Ordinary Greeks face a tax tsunami including substantial VAT increases. It is suffocating the low paid, pensioners and other struggling families, yet the government appears unable to broaden the tax base or address tax evasion effectively. Workers are being made to pay for the crisis with each successive announcement.
The latest moves are on top of earlier, drastic budget cutbacks, lower wages, new taxes and a rapid programme of privatizations worth €50 billion: and this may not be the end, if the IMF/EU/ECB troika is not satisfied or – as has happened before, the Greek economy worsens. The harsh, socially unfair measures are a precondition for emergency financial aid from the troika. They strangle any prospect of development and sustainability.
Unemployment is at unprecedented levels. The rate has doubled since 2008 to a fifth – over a million people out of work while 150,000 public jobs will be cut over the next two years. This is pushing Greece back to the 1950s, and it adds €5bn to the social security bill. Half of all young people are unemployed. Women are 50% more likely to be jobless than men, and austerity has widened the gender pay gap to 20%.
Inflationary pressures intensify, demand is falling sharply because of falling wages and small and medium sized enterprises, the backbone of the economy, are being forced into bankruptcy. Productive capacity is being destroyed.
The state’s obligation of social protection to the unemployed has been replaced with a higher than ever compulsory unemployment contribution from wages. Workers facing the threat of unemployment are effectively being asked to dig their own graves.
The austerity measures have been adopted hastily under the pressure of financial markets, without any consultation with the social partners and regardless of the political and social impact. The process of constructive social dialogue has been effectively stalled.
Greece is being turned into a laboratory for the restructuring of workplace and union rights. Industrial relations have been forced back at least two decades.
Over the last 12 months, more than 100 legal provisions have been enacted in a drastic restructuring of the labour market. Greece is being pressed to eliminate sectoral agreements that safeguard workers’ minimum rights and replace them by firm level contracts. Now any employer, under the threat of lay-offs, without giving a reason, can effectively force consent by a union to standards lower than those of the binding sectoral agreements. Equally he can unilaterally convert full–time work contracts to reduced term rotation work, the worst version of flexible employment, accounting for a fifth of all new contracts. Individual contracts are negating the very concept of collective bargaining.
But none of this is for Greece’s benefit.

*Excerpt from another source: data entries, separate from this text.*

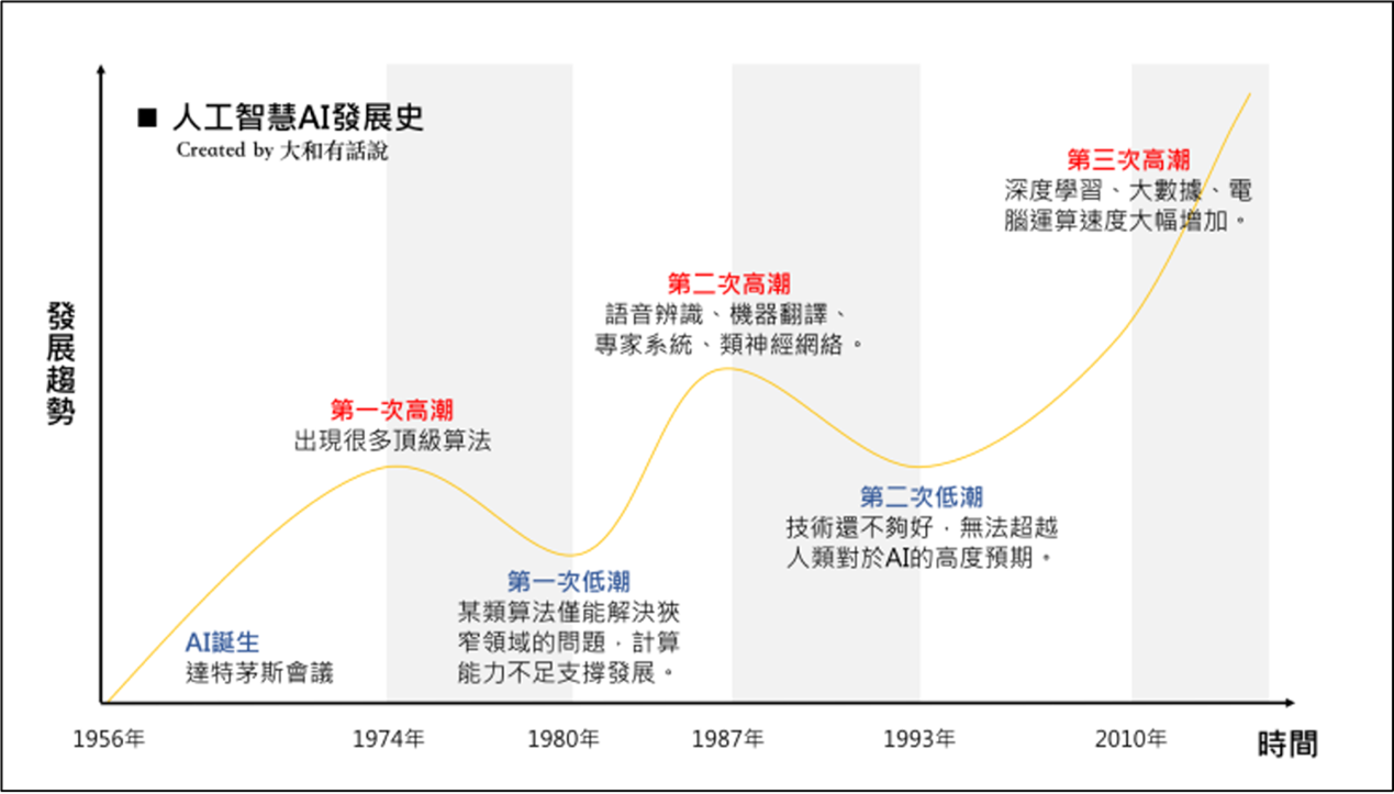 從1950年代的理論探索到1980年代的AI冬天,再到21世紀的技術復興,AI的旅程充滿了起伏。特別是近年來,高速運算器、大數據和先進演算法的結合,使得AI技術快速發展,並且在各行各業中發揮了革命性的作用。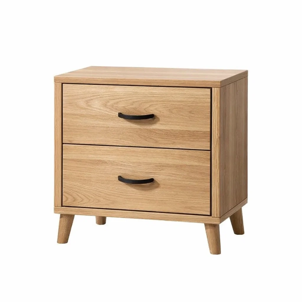 Table de chevet en bois de chêne clair avec deux tiroirs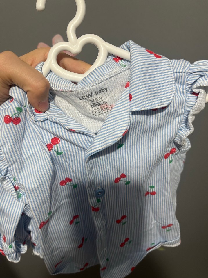 Mavi pamuklu, kısa kollu, düğmeli, yakalı ve bol kesim kız çocuk gömleği. Kiraz desenli, trend sokak stili için uygundur. Sadece denenmek için giyildi dolapta durduğu için kırışmış 1 kere denendi ama olmadı sıfırdan farksız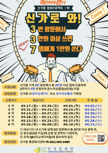 신청 방법은 신가동 내에서 광주상생카드 또는 온누리상품권 가맹점을 3번 방문하고 3만 원 이상 결제한 후 영수증에 성명과 연락처를 기재해 정보무늬(QR코드)를 통해 네이버 폼으로 신청하면 된다.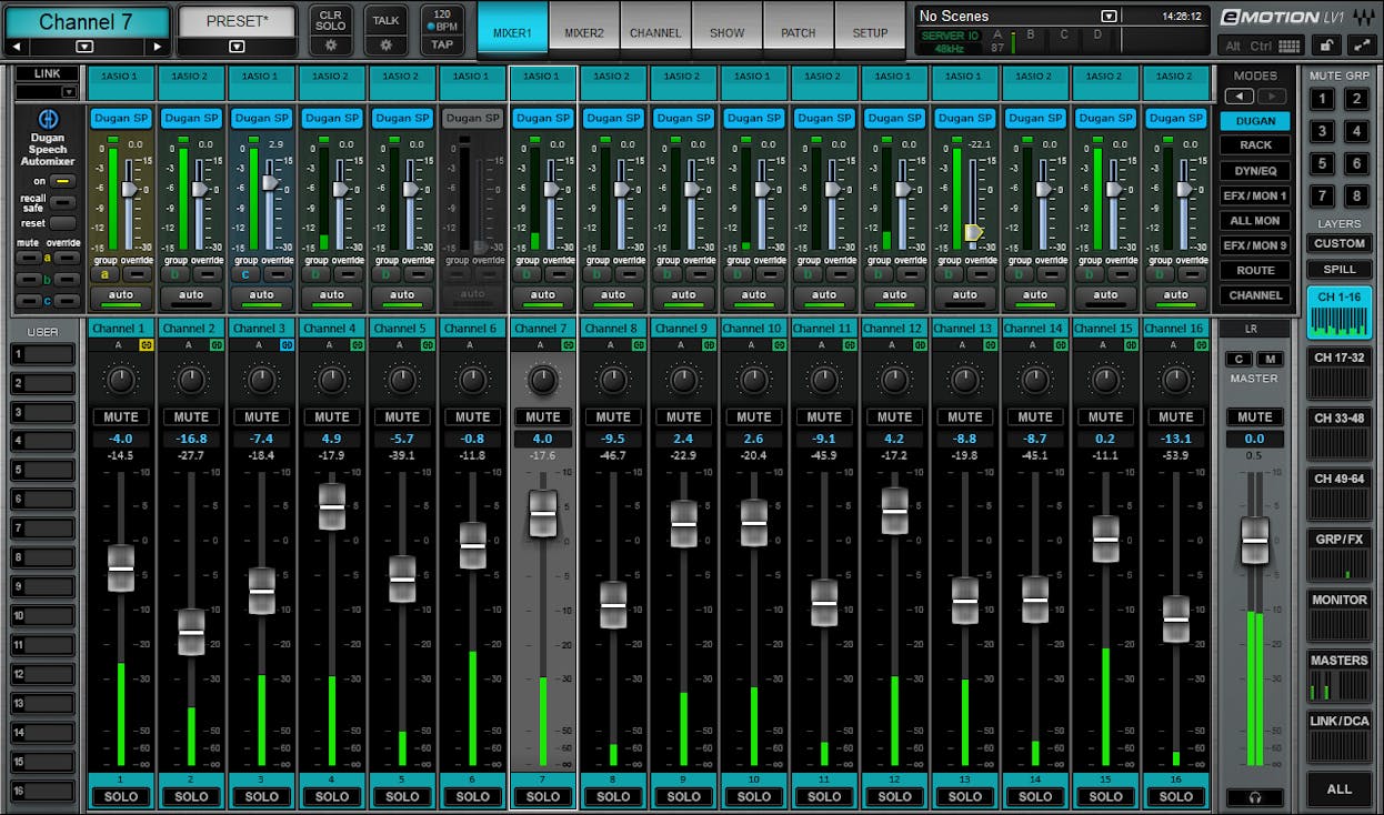 Tässä Dugan Speech -automikseri astuu kuvaan. Äänikeksijä Dan Duganin kanssa kehitetty Dugan Speech hallitsee vahvistusta automaattisesti, reaaliajassa. Unohda useiden mikrofonien hallinnan painajaiset—nyt voit käyttää jopa 64 mikrofonia täydellä luottamuksella.

The EU-IMF strategy is designed to rescue eurozone banks from the impact of their irresponsible lending. The Greek debt crisis is surely rooted in domestic flaws. It has, however, become uncontrollable owing to the destructive drive of finance capital to maximize profits by betting on sovereign debt and the inability of the EU to articulate a coherent response.
As lasting social regression looms and bankruptcy beckons, the challenge is to reclaim our economy and our lives, protect workers and assert our role as trade unions.